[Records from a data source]
BEGIN

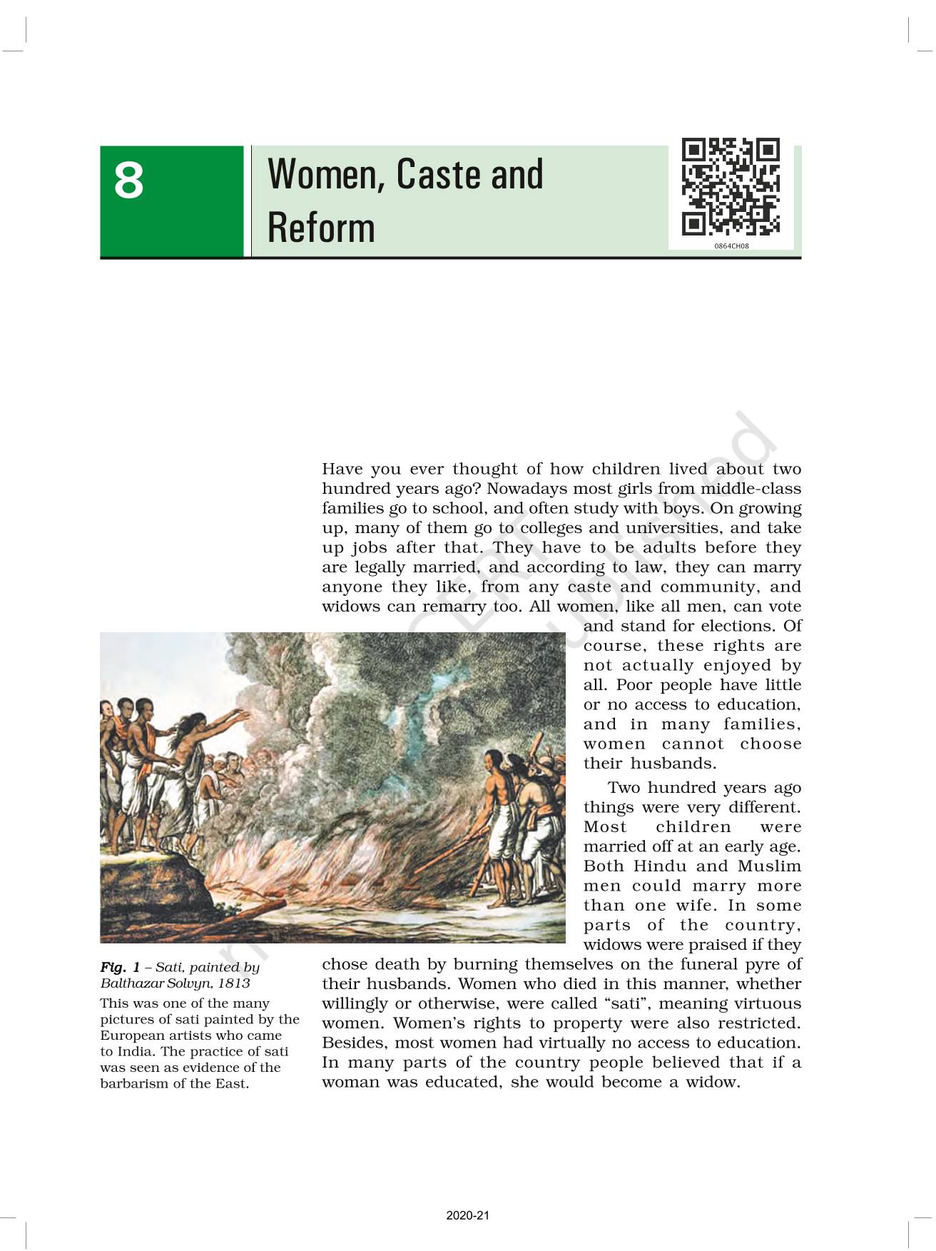 The time when students had limited options of choice for NCERT books wherein they need to go to the bookstore to buy the books but here at BeTrained.in, you can read the complete chapter-Women Caste And Reform of NCERT books for class 8 History Part II. If CBSE class 8 students are finding it hard to search for NCERT History Part II books online, then this is the right place as we have provided the textbooks of NCERT chapter wise. These books are available on our website for free along with NCERT Solutions and Exemplar solutions.
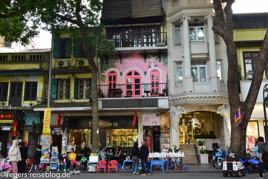 Der Hoan-Kiem-See mit dem Jadeberg-Tempel „Den Ngoc Son“ Französiches Flair im gleichnamigen ViertelDie Altstadtstraßen: ein riesiger MarktBereit für die GrillfeierPraktisch: Altstadttour mit einer Fahrad-RischkaIm Straßencafé gibts nur kleine HockerLeben an der EisenbahnlinieDer Literaturtempel ist ein Muss für SchulklassenAltar zu Ehren von Konfuzius im LiteraturtempelDie Einsäulenpagode ist fast 1000 Jahre alt – damals war die Säule aus Holz Die Einheimischen schwören auf ihre Nudelsuppe – hier in einem Straßenimbiss.Am Wochende ist die ganze Altstadt eine Fußgängerzone mit Live-Musik, teilweise in historischen Kostümen
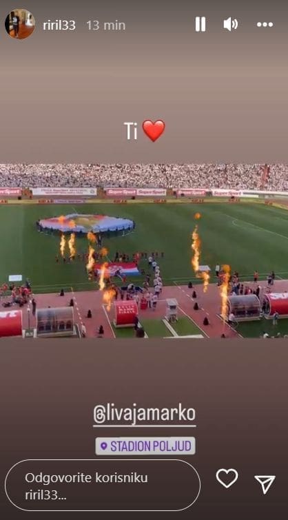 Potom je objavila i video ulaska igrača na stadion. Na njemu je označila supruga Marka i napisala: "Ti", uz emotikona srca.
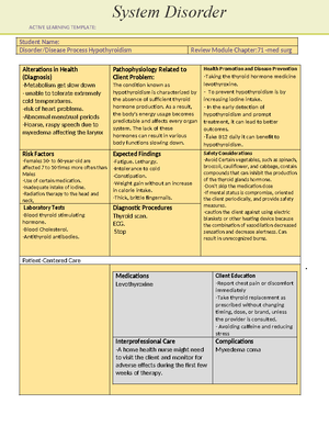Hypothyroidism Template ACTIVE LEARNING TEMPLATE System Disorder
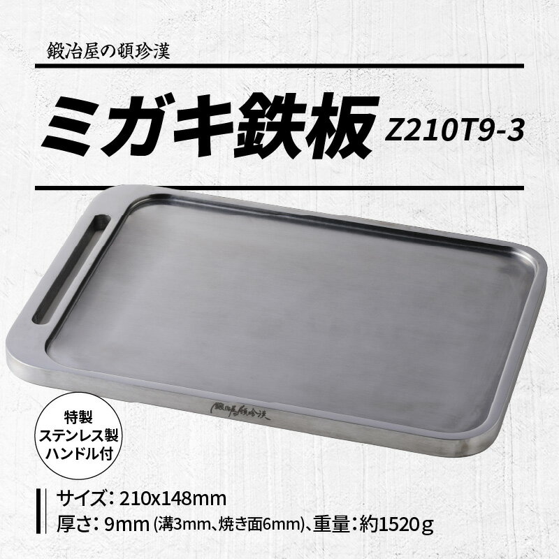 - 【ふるさと納税】ミガキ鉄板 210x148mm ハンドル付き 鍛冶屋の頓珍漢 Z210T9-3 厚さ9mm 溝3mm 焼き面6mm 約1520g キャンプ用 A5サイズ 収納 溝加工 液ダレ防止 焚き火 バーナー 簡易包装 エコ 株式会社セイコー 愛知県 小牧市 送料無料
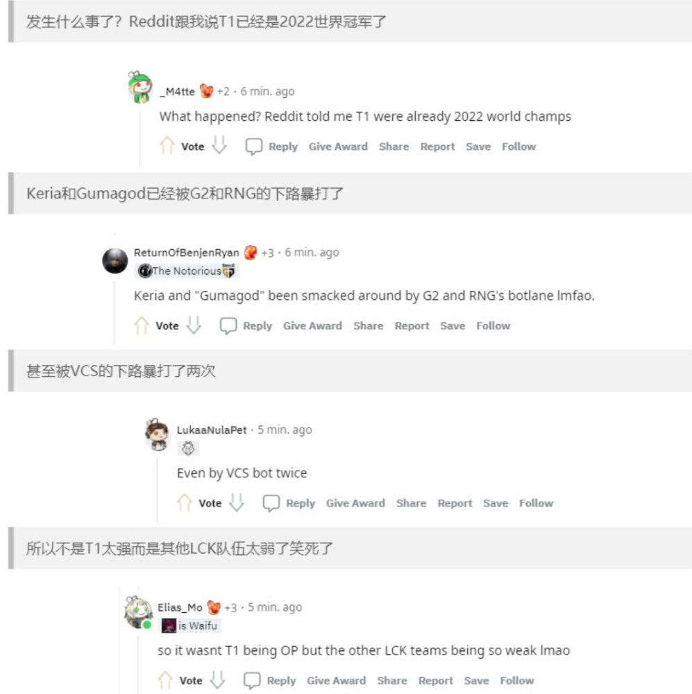 “不是说T1已经是2022世界冠军了吗”,国外一位网友这样调侃。在这次MSI,T1战队被认为是最大的夺冠热门战队,在国外的投票中,超过一半的网友认为T1会拿下这次MSI冠军。然而,T1无论是在对阵G2还是RNG的比赛中,都暴露了缺点。T1两场比赛都是前期取得优势,但是在中后期会被对手找到机会,最后正面团不敌对手。或许是LCK其他队伍给的压力太小了,导致T1在中后期的运营有些松懈。
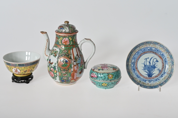 Kantonkanna, fat med skrivtecken i botten, lock ask och skål på träsockel, höjd 6.5-19.5 cm, diameter 10-14.5 cm
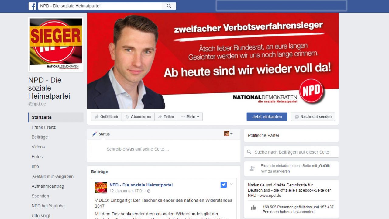 Und die NPD feiert auf Facebook: „Der deutsche #Bundesrat hat auch den zweiten Versuch, die #NPD zu verbieten, verloren.Die Nationaldemokraten sind nun die einzige höchstrichterlich bestätigte Partei in Deutschland.“
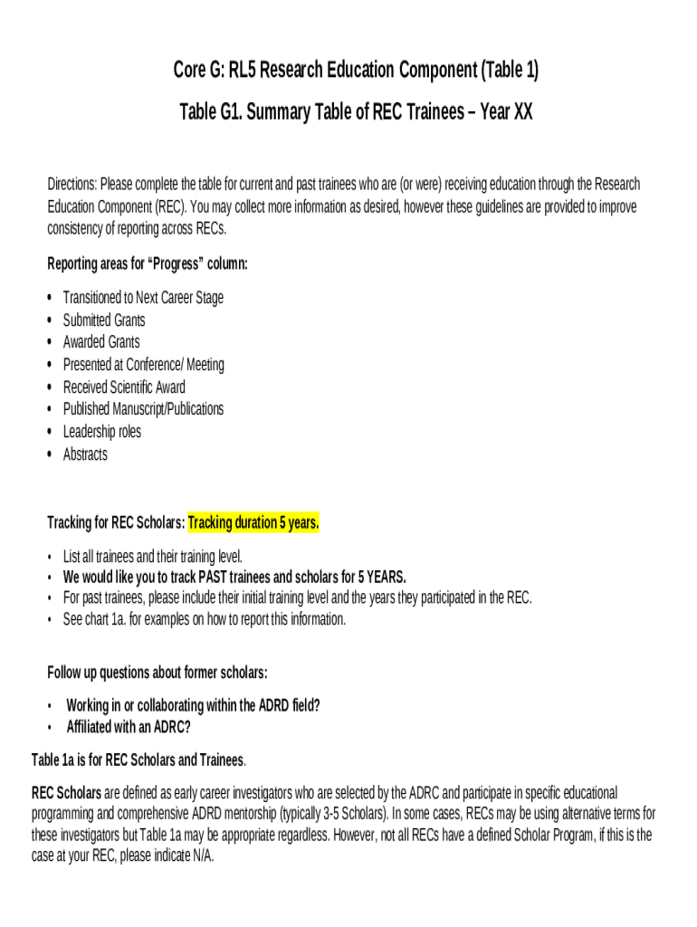 Template REC Trainee Program - Alzheimer's Disease Research Center instructions

END

## Work instructions:
Each line in the records above should be reproduced exactly; images are not copied.

## Answer space:
 The time when students had limited options of choice for NCERT books wherein they need to go to the bookstore to buy the books but here at BeTrained.in, you can read the complete chapter-Women Caste And Reform of NCERT books for class 8 History Part II. If CBSE class 8 students are finding it hard to search for NCERT History Part II books online, then this is the right place as we have provided the textbooks of NCERT chapter wise. These books are available on our website for free along with NCERT Solutions and Exemplar solutions.
 Der Hoan-Kiem-See mit dem Jadeberg-Tempel „Den Ngoc Son“ Französiches Flair im gleichnamigen ViertelDie Altstadtstraßen: ein riesiger MarktBereit für die GrillfeierPraktisch: Altstadttour mit einer Fahrad-RischkaIm Straßencafé gibts nur kleine HockerLeben an der EisenbahnlinieDer Literaturtempel ist ein Muss für SchulklassenAltar zu Ehren von Konfuzius im LiteraturtempelDie Einsäulenpagode ist fast 1000 Jahre alt – damals war die Säule aus Holz Die Einheimischen schwören auf ihre Nudelsuppe – hier in einem Straßenimbiss.Am Wochende ist die ganze Altstadt eine Fußgängerzone mit Live-Musik, teilweise in historischen Kostümen
 Potom je objavila i video ulaska igrača na stadion. Na njemu je označila supruga Marka i napisala: "Ti", uz emotikona srca.
Hypothyroidism Template ACTIVE LEARNING TEMPLATE System Disorder
 - 【ふるさと納税】ミガキ鉄板 210x148mm ハンドル付き 鍛冶屋の頓珍漢 Z210T9-3 厚さ9mm 溝3mm 焼き面6mm 約1520g キャンプ用 A5サイズ 収納 溝加工 液ダレ防止 焚き火 バーナー 簡易包装 エコ 株式会社セイコー 愛知県 小牧市 送料無料
 “不是说T1已经是2022世界冠军了吗”,国外一位网友这样调侃。在这次MSI,T1战队被认为是最大的夺冠热门战队,在国外的投票中,超过一半的网友认为T1会拿下这次MSI冠军。然而,T1无论是在对阵G2还是RNG的比赛中,都暴露了缺点。T1两场比赛都是前期取得优势,但是在中后期会被对手找到机会,最后正面团不敌对手。或许是LCK其他队伍给的压力太小了,导致T1在中后期的运营有些松懈。
 Kantonkanna, fat med skrivtecken i botten, lock ask och skål på träsockel, höjd 6.5-19.5 cm, diameter 10-14.5 cm
 Und die NPD feiert auf Facebook: „Der deutsche #Bundesrat hat auch den zweiten Versuch, die #NPD zu verbieten, verloren.Die Nationaldemokraten sind nun die einzige höchstrichterlich bestätigte Partei in Deutschland.“
 Template REC Trainee Program - Alzheimer's Disease Research Center instructions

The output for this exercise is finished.